__EXERCISE PROMPT__
Write out, with no changes, every line starting at the one that contains "Neues Einfamilienhaus in" and ending at the last line of the data below. Leave pictures out.

__THE DATA__
━━━━━━━━

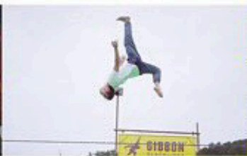
GIBBON [スラックラインチーム]
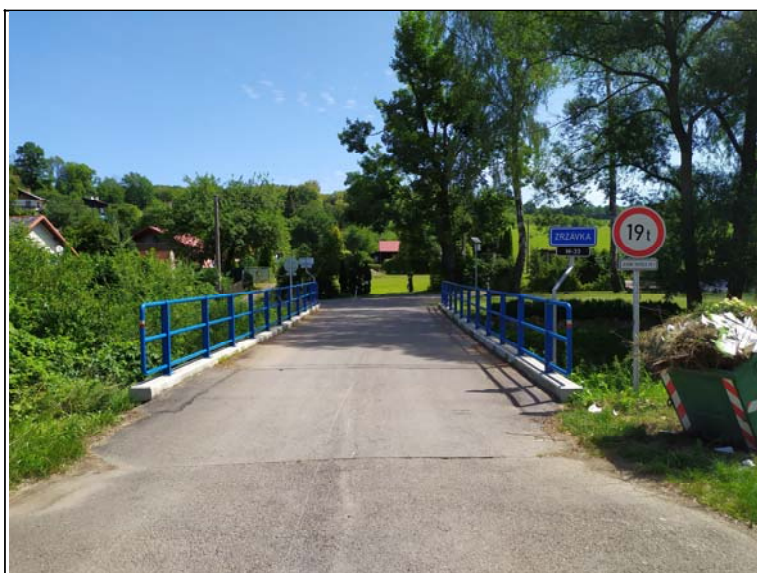
Prostorové uspořádání na mostě (ve směru staničení)
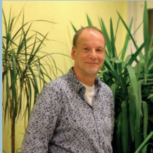
Text und Foto: Carla Miranda

Im MehrGenerationenHaus Wassertor (MGH) treffen sich Menschen aus dem Wassertor-Kiez und der Umgebung. Egal, ob jung oder alt, hier finden Nachbar*innen zusammen, um Kurse zu besuchen, sich von den Mitarbeitenden beraten zu lassen oder einfach um mit anderen Menschen zusammen zu sein. Hier darf sich jede*r wie zuhause fühlen.
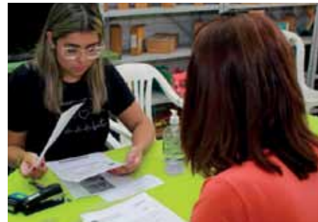
Atendimentos foram realizados na escola estadual “Wilson Rezende”

A gerência de Habitação da Semurb funciona na rua João Monteiro, 33, bairro Ferroviários, embaixo da Escola Municipal “Anacleto Ramos”. Mais esclarecimentos podem ser obtidos pelo telefone: (28) 3155-5200.
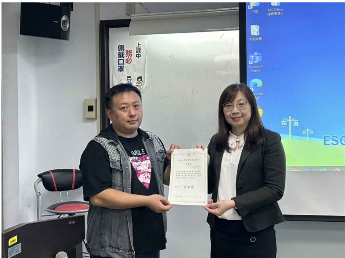
高老師與程老師合影頒發感謝狀
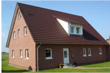
Neues Einfamilienhaus in ruhiger Lage (Strandnähe: 100 m)
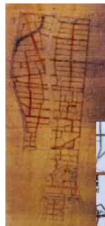
13- (1) 日據時期中山北路（敕使街道）沿線土地重劃圖

━━━━━━━━

__ANSWER TO THIS PROBLEM__
Neues Einfamilienhaus in ruhiger Lage (Strandnähe: 100 m)
13- (1) 日據時期中山北路（敕使街道）沿線土地重劃圖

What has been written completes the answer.